┌─ Available records

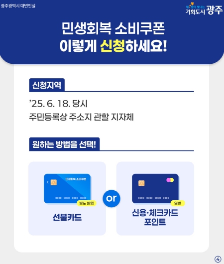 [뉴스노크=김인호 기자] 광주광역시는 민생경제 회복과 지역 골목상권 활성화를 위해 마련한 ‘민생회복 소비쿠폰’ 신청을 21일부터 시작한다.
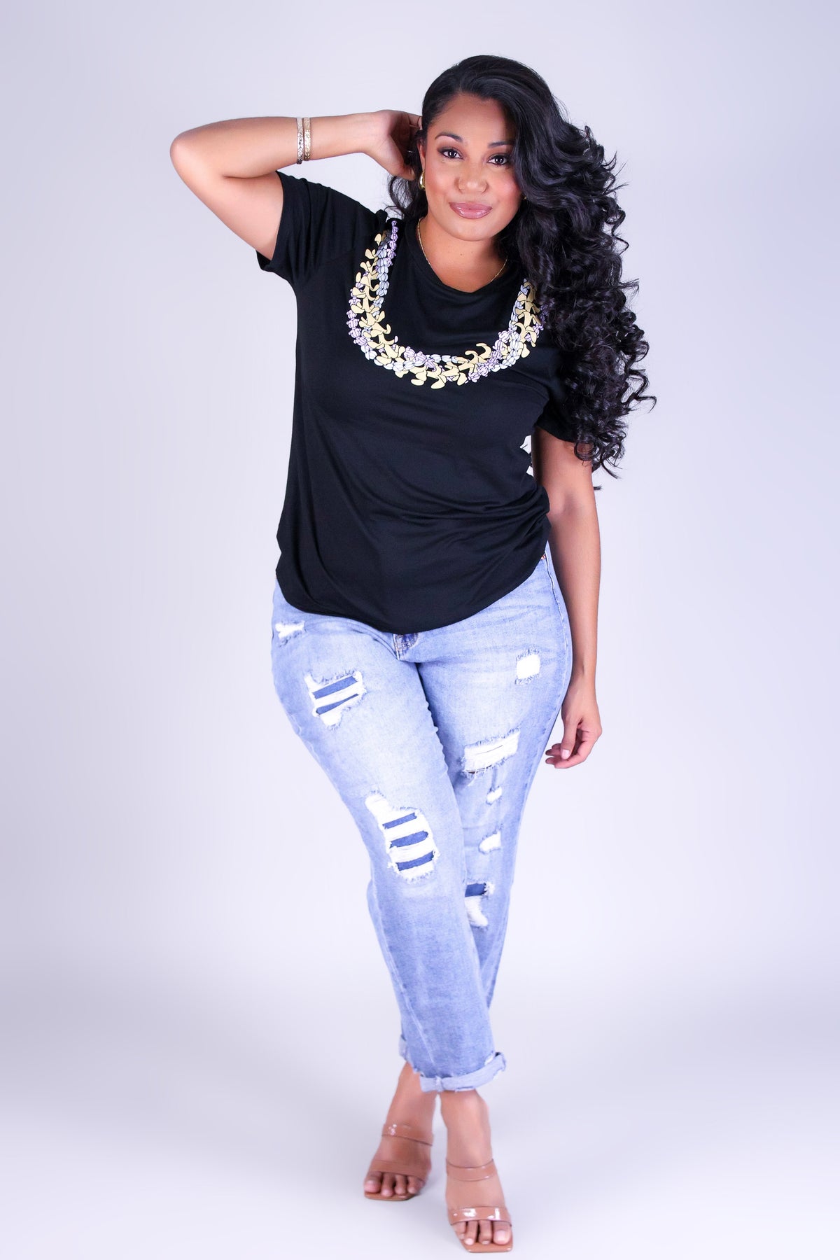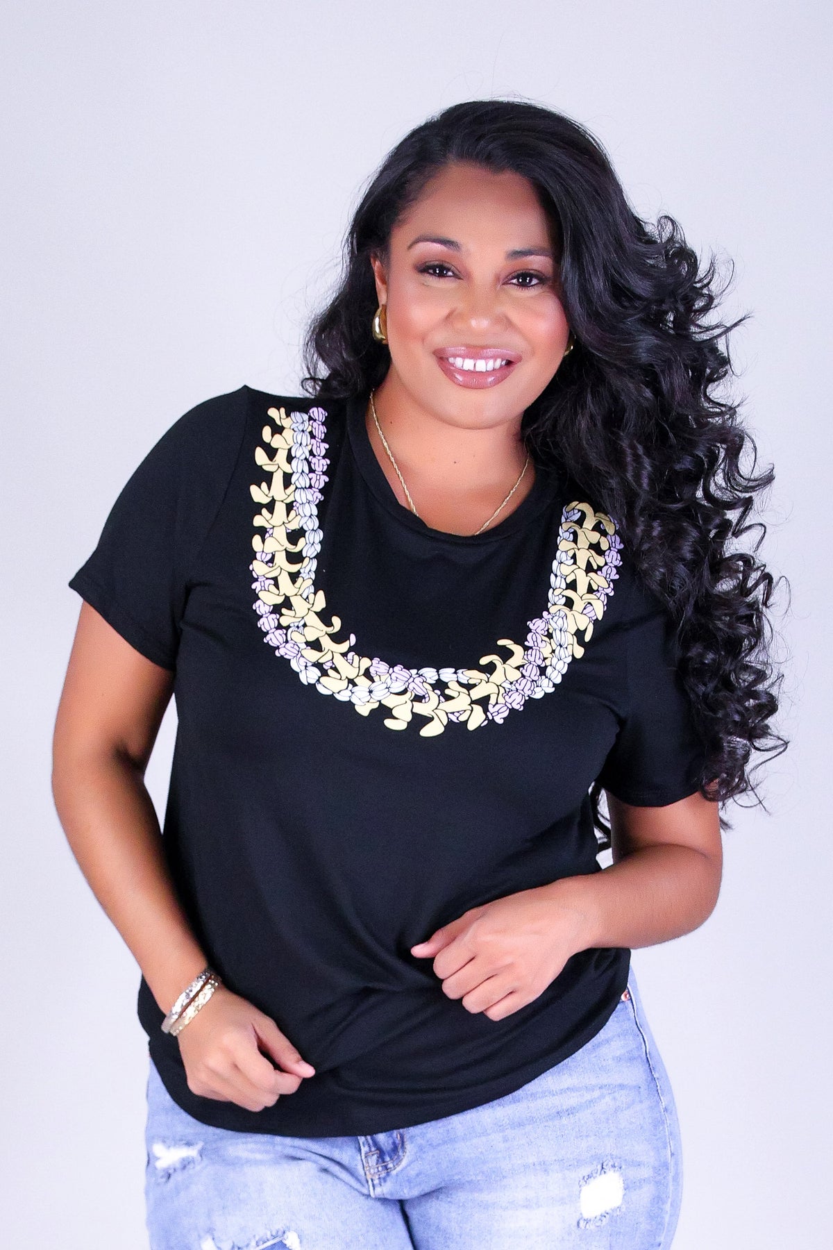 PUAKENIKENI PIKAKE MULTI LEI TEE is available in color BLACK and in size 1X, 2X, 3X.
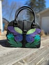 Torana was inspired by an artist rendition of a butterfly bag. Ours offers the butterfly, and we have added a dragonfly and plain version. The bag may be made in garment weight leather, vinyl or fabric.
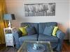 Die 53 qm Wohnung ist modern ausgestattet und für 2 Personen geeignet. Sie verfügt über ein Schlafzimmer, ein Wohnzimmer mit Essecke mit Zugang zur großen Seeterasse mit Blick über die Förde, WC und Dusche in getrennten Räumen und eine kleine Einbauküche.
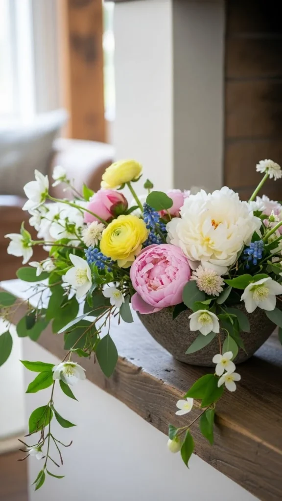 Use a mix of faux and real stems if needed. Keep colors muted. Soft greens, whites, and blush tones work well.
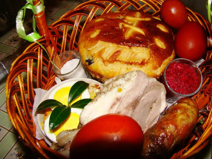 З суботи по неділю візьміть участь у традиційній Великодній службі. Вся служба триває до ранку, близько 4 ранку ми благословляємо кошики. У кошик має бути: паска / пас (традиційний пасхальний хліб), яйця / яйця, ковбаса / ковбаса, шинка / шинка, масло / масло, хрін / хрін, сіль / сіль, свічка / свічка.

└─

Problem to work on -
From the line that contains "PUAKENIKENI PIKAKE MULTI" to the last line of the data above, inclusive, transcribe every line exactly and only those lines, omitting pictures.

Output of the task -
 PUAKENIKENI PIKAKE MULTI LEI TEE is available in color BLACK and in size 1X, 2X, 3X.
 Torana was inspired by an artist rendition of a butterfly bag. Ours offers the butterfly, and we have added a dragonfly and plain version. The bag may be made in garment weight leather, vinyl or fabric.
 Die 53 qm Wohnung ist modern ausgestattet und für 2 Personen geeignet. Sie verfügt über ein Schlafzimmer, ein Wohnzimmer mit Essecke mit Zugang zur großen Seeterasse mit Blick über die Förde, WC und Dusche in getrennten Räumen und eine kleine Einbauküche.
 Use a mix of faux and real stems if needed. Keep colors muted. Soft greens, whites, and blush tones work well.
 З суботи по неділю візьміть участь у традиційній Великодній службі. Вся служба триває до ранку, близько 4 ранку ми благословляємо кошики. У кошик має бути: паска / пас (традиційний пасхальний хліб), яйця / яйця, ковбаса / ковбаса, шинка / шинка, масло / масло, хрін / хрін, сіль / сіль, свічка / свічка.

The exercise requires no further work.